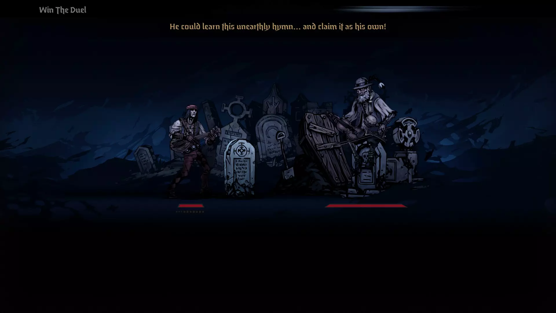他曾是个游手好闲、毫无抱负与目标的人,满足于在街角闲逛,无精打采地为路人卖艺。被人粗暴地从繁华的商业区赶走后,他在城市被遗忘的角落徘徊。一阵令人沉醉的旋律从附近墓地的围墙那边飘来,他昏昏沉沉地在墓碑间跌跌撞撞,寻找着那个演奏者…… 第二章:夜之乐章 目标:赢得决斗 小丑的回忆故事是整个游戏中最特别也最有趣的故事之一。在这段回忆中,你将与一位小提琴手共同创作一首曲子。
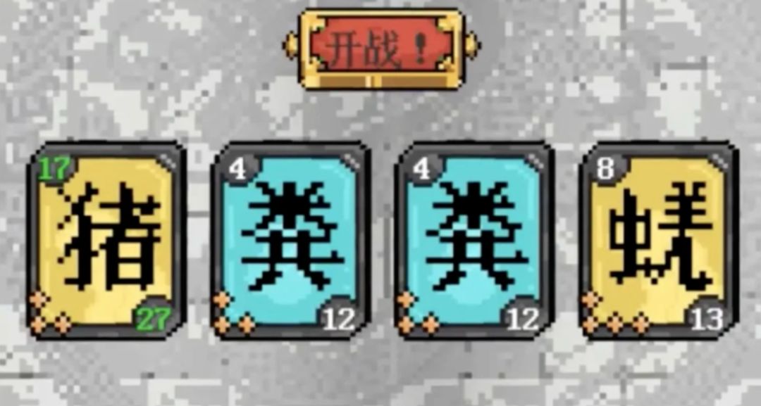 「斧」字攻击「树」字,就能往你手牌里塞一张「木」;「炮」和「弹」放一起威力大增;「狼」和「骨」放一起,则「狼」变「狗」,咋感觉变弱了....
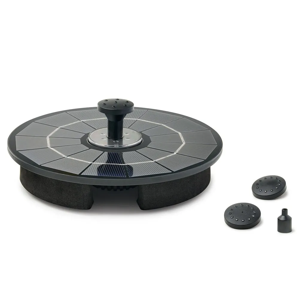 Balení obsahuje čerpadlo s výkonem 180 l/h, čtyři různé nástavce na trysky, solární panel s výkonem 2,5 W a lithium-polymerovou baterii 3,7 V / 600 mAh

WHAT IS NEEDED> Skip the images and set down the rest of the data unchanged.

COMPLETED EXERCISE>
他曾是个游手好闲、毫无抱负与目标的人,满足于在街角闲逛,无精打采地为路人卖艺。被人粗暴地从繁华的商业区赶走后,他在城市被遗忘的角落徘徊。一阵令人沉醉的旋律从附近墓地的围墙那边飘来,他昏昏沉沉地在墓碑间跌跌撞撞,寻找着那个演奏者…… 第二章:夜之乐章 目标:赢得决斗 小丑的回忆故事是整个游戏中最特别也最有趣的故事之一。在这段回忆中,你将与一位小提琴手共同创作一首曲子。
 「斧」字攻击「树」字,就能往你手牌里塞一张「木」;「炮」和「弹」放一起威力大增;「狼」和「骨」放一起,则「狼」变「狗」,咋感觉变弱了....
 Balení obsahuje čerpadlo s výkonem 180 l/h, čtyři různé nástavce na trysky, solární panel s výkonem 2,5 W a lithium-polymerovou baterii 3,7 V / 600 mAh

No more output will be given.